SO x^2=x+x+x.....xtimes


differentiating both sides


d(x^2)/dx=d(x+x+....x times)/dx


=>2x=1+1+1....xtimes


=>2x=x


so, 2=1


adding 3 on both sides


we get


5=4  !!


BUT WE KNOW


d(x^2)/dx=2x


but here we get x...how ??


whats the mistake here plz tell....

Grade:

3 Answers

abhishek f
14 Points
12 years ago

there is a problem in diff. d expression.

when u write x+x+x+x }x times , u put a constraint on x dat it can take only natural number values.

Therefore its grapgh will be points on integral values(+ integers) and not a continuos function.
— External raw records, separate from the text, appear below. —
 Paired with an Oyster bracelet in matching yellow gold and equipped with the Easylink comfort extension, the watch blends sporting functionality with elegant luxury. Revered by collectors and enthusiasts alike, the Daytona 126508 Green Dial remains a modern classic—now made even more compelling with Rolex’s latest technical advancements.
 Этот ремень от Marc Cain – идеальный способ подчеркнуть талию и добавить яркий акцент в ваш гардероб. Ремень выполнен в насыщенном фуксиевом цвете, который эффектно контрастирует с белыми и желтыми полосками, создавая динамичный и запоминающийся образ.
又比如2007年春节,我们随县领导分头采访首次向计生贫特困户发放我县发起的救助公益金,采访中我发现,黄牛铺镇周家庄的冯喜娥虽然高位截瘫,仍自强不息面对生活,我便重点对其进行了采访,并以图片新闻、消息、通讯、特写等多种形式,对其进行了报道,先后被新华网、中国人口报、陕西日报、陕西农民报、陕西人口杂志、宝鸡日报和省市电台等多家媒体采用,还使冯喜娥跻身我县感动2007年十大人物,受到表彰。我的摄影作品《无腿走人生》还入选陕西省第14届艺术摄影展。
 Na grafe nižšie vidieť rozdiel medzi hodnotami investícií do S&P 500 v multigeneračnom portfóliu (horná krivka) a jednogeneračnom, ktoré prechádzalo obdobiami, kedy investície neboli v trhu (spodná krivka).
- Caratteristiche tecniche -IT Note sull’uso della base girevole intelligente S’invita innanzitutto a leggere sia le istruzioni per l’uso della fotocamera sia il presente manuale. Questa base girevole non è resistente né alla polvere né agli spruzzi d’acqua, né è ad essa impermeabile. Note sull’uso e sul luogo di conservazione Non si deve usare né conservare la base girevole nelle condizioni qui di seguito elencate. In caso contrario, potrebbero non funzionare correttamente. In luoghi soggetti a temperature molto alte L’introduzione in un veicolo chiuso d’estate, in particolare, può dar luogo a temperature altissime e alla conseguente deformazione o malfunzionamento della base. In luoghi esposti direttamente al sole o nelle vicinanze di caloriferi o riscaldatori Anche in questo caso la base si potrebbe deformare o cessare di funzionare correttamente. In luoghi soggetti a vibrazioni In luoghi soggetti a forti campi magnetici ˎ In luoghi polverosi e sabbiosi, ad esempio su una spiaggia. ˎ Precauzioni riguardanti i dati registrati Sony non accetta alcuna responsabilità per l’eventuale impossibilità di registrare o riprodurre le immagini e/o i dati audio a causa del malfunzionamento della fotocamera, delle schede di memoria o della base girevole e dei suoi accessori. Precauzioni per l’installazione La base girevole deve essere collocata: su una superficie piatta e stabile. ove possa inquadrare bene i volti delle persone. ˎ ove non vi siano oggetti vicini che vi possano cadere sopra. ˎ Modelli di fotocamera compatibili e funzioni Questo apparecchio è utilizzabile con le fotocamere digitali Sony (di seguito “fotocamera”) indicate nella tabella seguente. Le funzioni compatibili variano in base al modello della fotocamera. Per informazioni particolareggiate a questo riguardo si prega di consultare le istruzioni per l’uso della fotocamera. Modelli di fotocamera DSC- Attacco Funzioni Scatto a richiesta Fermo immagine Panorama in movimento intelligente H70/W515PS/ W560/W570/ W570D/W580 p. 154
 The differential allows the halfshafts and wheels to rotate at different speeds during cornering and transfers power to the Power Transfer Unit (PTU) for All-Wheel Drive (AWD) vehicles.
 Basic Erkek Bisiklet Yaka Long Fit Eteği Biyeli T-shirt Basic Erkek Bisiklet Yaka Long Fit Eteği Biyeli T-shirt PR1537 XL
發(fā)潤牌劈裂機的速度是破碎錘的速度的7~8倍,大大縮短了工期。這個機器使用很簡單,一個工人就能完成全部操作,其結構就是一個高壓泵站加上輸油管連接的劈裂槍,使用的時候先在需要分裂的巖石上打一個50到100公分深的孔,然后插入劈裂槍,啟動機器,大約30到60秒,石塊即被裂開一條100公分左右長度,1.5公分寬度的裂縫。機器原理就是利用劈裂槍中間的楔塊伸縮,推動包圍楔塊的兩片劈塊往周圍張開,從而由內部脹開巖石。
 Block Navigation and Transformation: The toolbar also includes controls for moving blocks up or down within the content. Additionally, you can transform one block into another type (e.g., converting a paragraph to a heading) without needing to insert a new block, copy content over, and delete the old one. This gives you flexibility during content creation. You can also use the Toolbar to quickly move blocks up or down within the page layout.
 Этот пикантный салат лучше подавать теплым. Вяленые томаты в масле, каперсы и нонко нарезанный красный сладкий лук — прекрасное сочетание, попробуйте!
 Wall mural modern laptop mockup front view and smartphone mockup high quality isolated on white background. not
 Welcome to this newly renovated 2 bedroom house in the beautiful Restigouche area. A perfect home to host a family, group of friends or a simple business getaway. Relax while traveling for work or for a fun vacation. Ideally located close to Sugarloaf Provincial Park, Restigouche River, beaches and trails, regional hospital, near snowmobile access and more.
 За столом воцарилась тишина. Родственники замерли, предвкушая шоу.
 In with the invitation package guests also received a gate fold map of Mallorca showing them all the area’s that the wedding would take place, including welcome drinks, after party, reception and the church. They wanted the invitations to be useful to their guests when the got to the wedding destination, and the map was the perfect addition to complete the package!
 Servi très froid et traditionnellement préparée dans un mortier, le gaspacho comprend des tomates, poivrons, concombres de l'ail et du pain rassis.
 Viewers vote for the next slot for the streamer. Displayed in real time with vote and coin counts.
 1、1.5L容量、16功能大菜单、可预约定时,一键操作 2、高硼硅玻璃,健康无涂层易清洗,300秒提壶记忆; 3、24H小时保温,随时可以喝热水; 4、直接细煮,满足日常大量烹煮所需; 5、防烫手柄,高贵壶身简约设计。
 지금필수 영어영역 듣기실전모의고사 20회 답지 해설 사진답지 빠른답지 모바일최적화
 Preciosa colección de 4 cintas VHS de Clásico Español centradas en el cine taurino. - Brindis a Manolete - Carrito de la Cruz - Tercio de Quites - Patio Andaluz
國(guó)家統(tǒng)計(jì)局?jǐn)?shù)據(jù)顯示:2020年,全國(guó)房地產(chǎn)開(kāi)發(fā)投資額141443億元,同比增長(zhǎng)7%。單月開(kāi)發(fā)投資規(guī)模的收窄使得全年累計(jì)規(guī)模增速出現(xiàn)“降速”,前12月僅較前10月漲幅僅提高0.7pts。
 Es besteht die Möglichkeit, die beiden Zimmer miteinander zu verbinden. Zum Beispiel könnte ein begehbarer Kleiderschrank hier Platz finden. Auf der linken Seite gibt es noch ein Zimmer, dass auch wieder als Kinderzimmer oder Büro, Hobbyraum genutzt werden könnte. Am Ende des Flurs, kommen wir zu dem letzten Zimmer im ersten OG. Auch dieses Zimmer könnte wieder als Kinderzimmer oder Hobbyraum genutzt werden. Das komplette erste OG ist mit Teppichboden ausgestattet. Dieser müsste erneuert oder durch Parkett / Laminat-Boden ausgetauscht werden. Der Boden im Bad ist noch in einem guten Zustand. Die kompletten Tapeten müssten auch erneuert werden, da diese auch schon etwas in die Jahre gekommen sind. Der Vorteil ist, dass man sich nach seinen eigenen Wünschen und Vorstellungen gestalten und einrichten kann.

It will be discrete and hence non differentiable.

 

x=1 y=1

x=2 y=4

but x=0.4 is not in domain

Ranjita yadav
35 Points
12 years ago

In differential , formula is d(xn)/dx = n * x n-1

hence , d(x2)/dx = 2*x2-1 =2x

Ashwin Muralidharan IIT Madras
290 Points
12 years ago

Hi Shubam,

 

x^2 = x + x + x +..... xtimes, is valid only when x is an integer.

So this equation is valid only for integral values of x.

So x cannot take non-integral values.

If you plot the graph, it is discontinuous for the entire range of real numbers.

As it is not continuous, you cannot differentiate it (that is where the mistake is).

 

Regards,

Ashwin (IIT Madras).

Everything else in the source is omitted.